* [TASK PROMPT]:
Leaving the pictures aside, repeat every line below exactly.

* [MATERIAL TO PROCESS]:

————

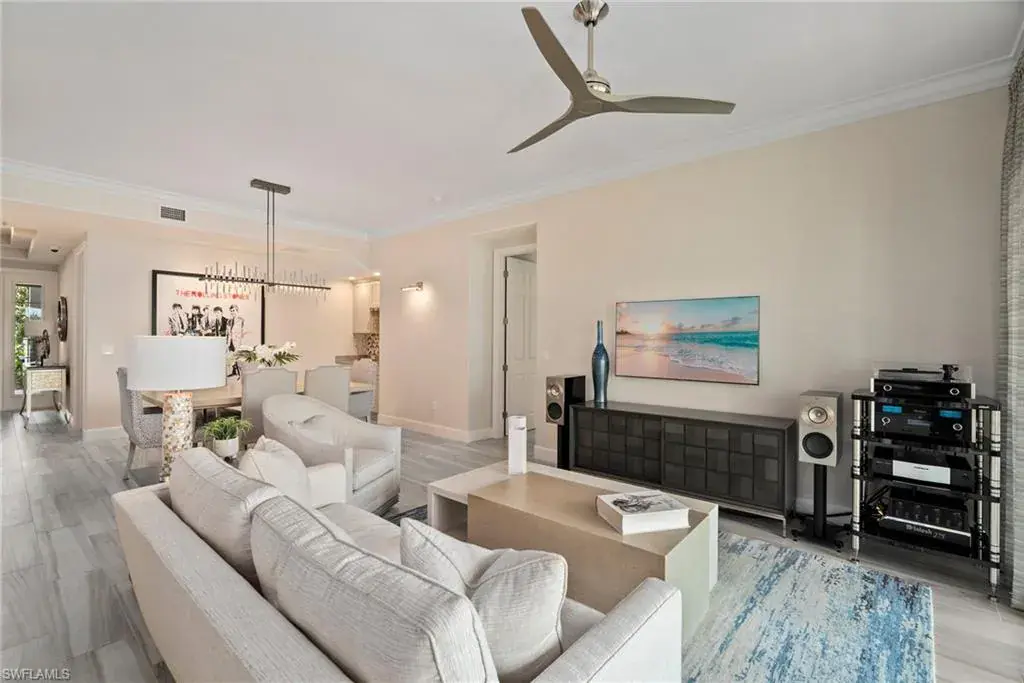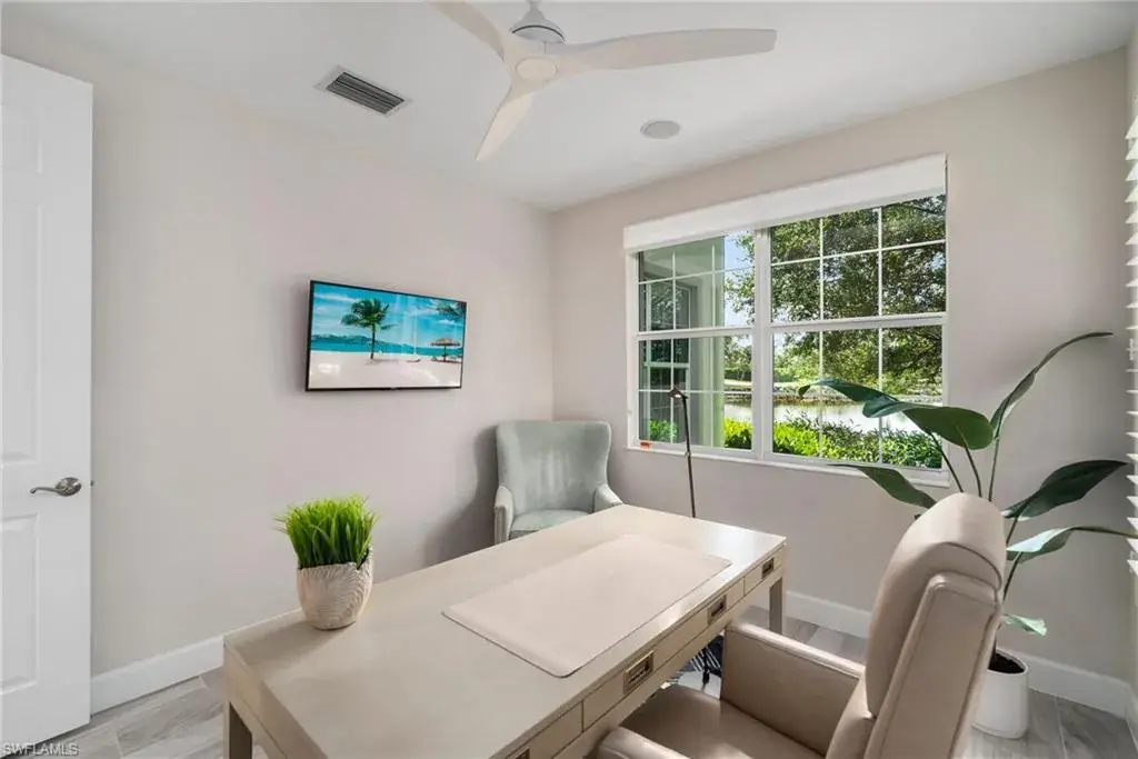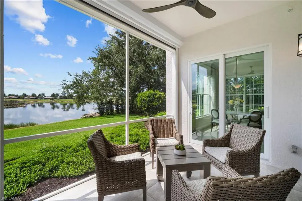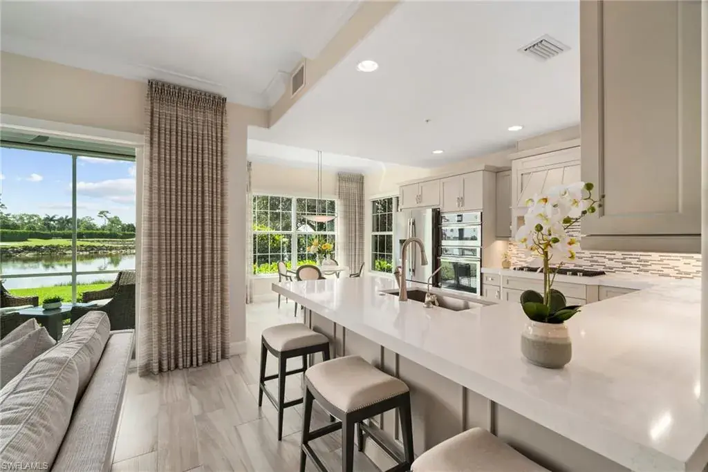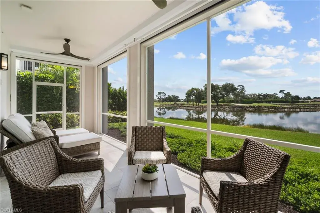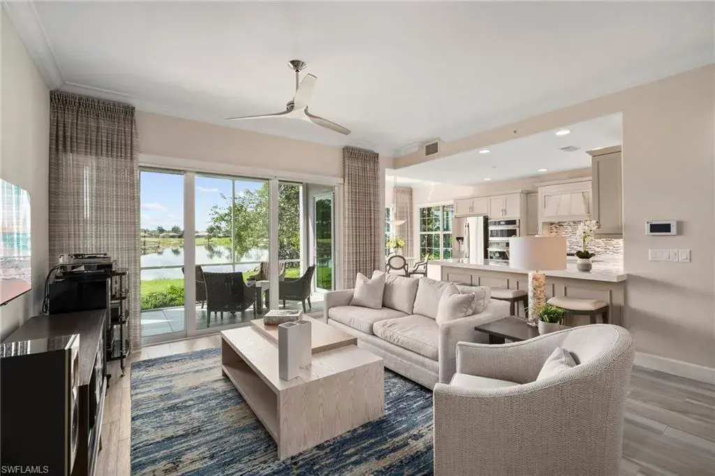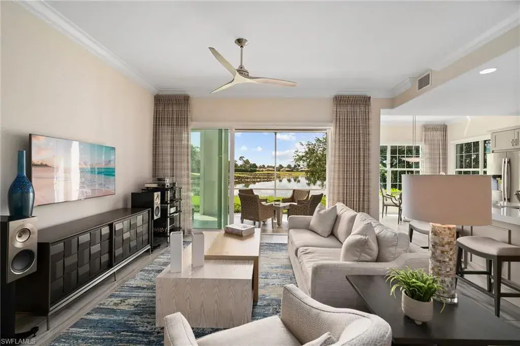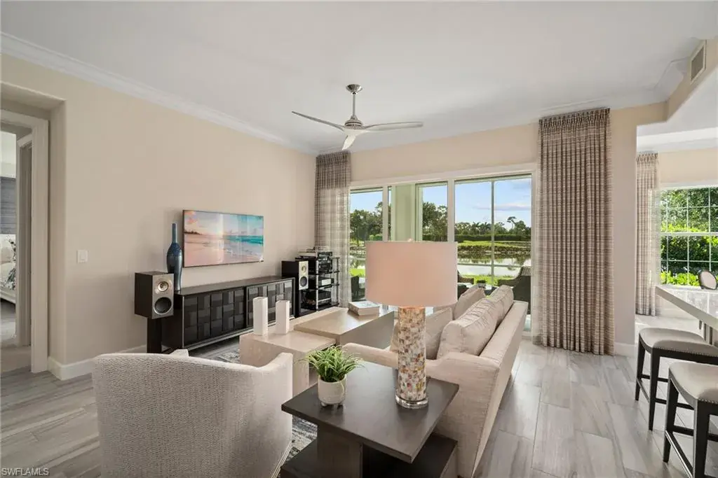 COVETED AND FIRST TIME AVAILABLE, LONG LAKE AND GOLF COURSE SIGNATURE CLUB LOCATION!! Stunning Norris high end FURNISHED first floor coach home with panoramic views! Meticulously maintained and move in ready! Beautiful light grey kitchen cabinets with upgraded SS Jenn Air natural gas appliances to include a warming drawer, gorgeous tile backsplash, one level 2″ thick quartz countertops, Under Cabinet Kitchen Electric Outlets, custom power blinds as window treatments, custom closets, upgraded grey plank tile floors throughout living area including den with carpet in primary and guest bedroom, Smart Home control of HVAC, Garage & Front Door Lock, Lighting, Shades, Advanced 10-camera Security System with central station monitoring, Sonos Ceiling Speaker Systems, In-duct UV air purifier, Extensive Garage Cabinets, Finished Garage Attic with lighting, flooring and pulldown stair entry, Culligan Water Filter – Kitchen/Icemaker & Whole Home Water Softener, convenient bar in dining room with glass front cabinets and a long open entry foyer! Enjoy the luxury of STORM SMART electric hurricane screens on lanai to enjoy all year long! The Signature club offers a private entrance into The Players Club! Enjoy all the amenities with immediate membership to The Players Club and Spa, 2 resort pools, lap pool, tiki bar, fitness facility, full service spa, fine dining, movie theatre, billiards room, pickle ball, tennis and bocce! The Classics private golf is optional at Lely Resort but there are 2 public golf courses to enjoy! This IS where you want to live!!
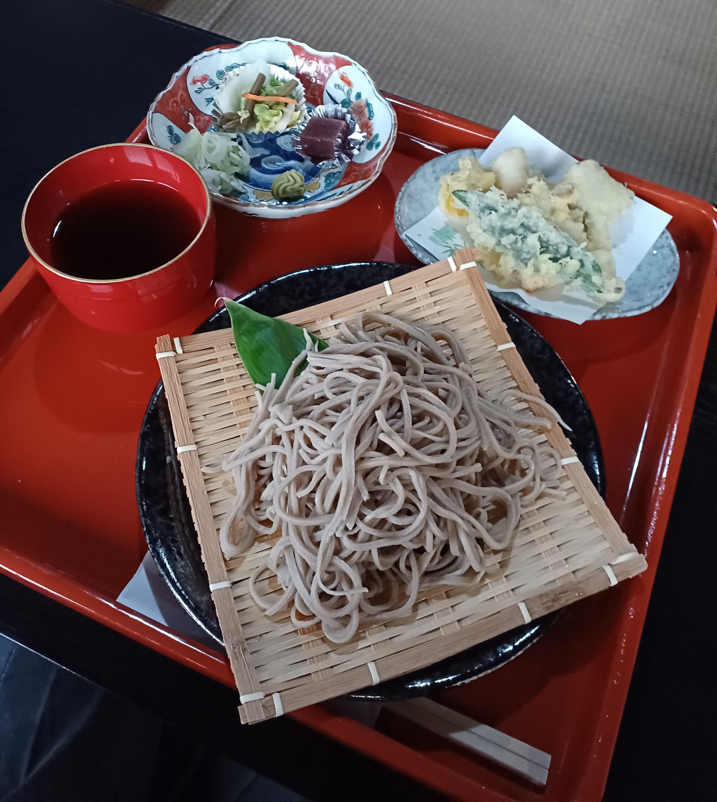 研究会の方々に感謝しつつ、昔ながらの御膳で食すお蕎麦は、
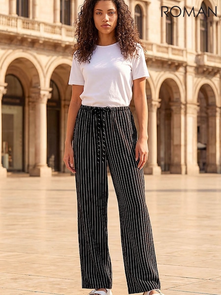 Roman Black Petite Stripe Pull On Stretch Trousers
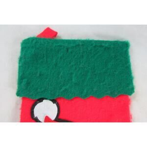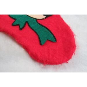 Bright, clean 18" plush Christmas stocking decorated with an applique of Mickey Mouse wearing a Santa hat and scarf. It has a hanging loop attached at the top.
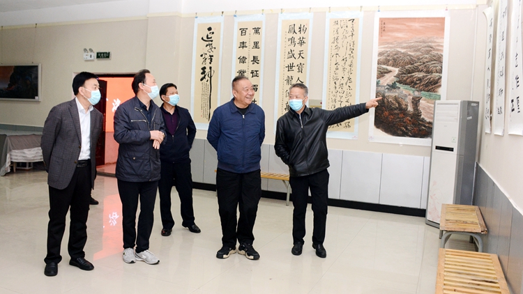 報告結(jié)束后,鄧理在張志昌、彭虎軍等的陪同下,前往圖書館藝術(shù)學院展廳參觀了我?!芭喔T魂廉潔育人”廉政文化藝術(shù)作品展。
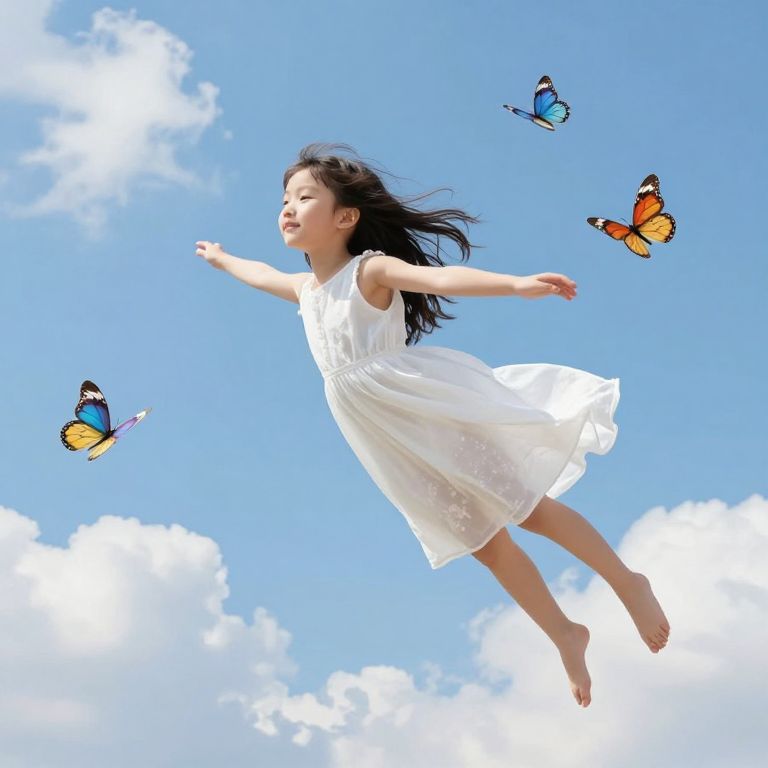 A young girl in a flowing white dress soars joyfully through a vibrant sky, surrounded by fluffy white clouds and four colorful butterflies fluttering gracefully around her.

————

* [YOUR RESPONSE]:
 COVETED AND FIRST TIME AVAILABLE, LONG LAKE AND GOLF COURSE SIGNATURE CLUB LOCATION!! Stunning Norris high end FURNISHED first floor coach home with panoramic views! Meticulously maintained and move in ready! Beautiful light grey kitchen cabinets with upgraded SS Jenn Air natural gas appliances to include a warming drawer, gorgeous tile backsplash, one level 2″ thick quartz countertops, Under Cabinet Kitchen Electric Outlets, custom power blinds as window treatments, custom closets, upgraded grey plank tile floors throughout living area including den with carpet in primary and guest bedroom, Smart Home control of HVAC, Garage & Front Door Lock, Lighting, Shades, Advanced 10-camera Security System with central station monitoring, Sonos Ceiling Speaker Systems, In-duct UV air purifier, Extensive Garage Cabinets, Finished Garage Attic with lighting, flooring and pulldown stair entry, Culligan Water Filter – Kitchen/Icemaker & Whole Home Water Softener, convenient bar in dining room with glass front cabinets and a long open entry foyer! Enjoy the luxury of STORM SMART electric hurricane screens on lanai to enjoy all year long! The Signature club offers a private entrance into The Players Club! Enjoy all the amenities with immediate membership to The Players Club and Spa, 2 resort pools, lap pool, tiki bar, fitness facility, full service spa, fine dining, movie theatre, billiards room, pickle ball, tennis and bocce! The Classics private golf is optional at Lely Resort but there are 2 public golf courses to enjoy! This IS where you want to live!!
 研究会の方々に感謝しつつ、昔ながらの御膳で食すお蕎麦は、
 Roman Black Petite Stripe Pull On Stretch Trousers
 Bright, clean 18" plush Christmas stocking decorated with an applique of Mickey Mouse wearing a Santa hat and scarf. It has a hanging loop attached at the top.
 報告結(jié)束后,鄧理在張志昌、彭虎軍等的陪同下,前往圖書館藝術(shù)學院展廳參觀了我?!芭喔T魂廉潔育人”廉政文化藝術(shù)作品展。
 A young girl in a flowing white dress soars joyfully through a vibrant sky, surrounded by fluffy white clouds and four colorful butterflies fluttering gracefully around her.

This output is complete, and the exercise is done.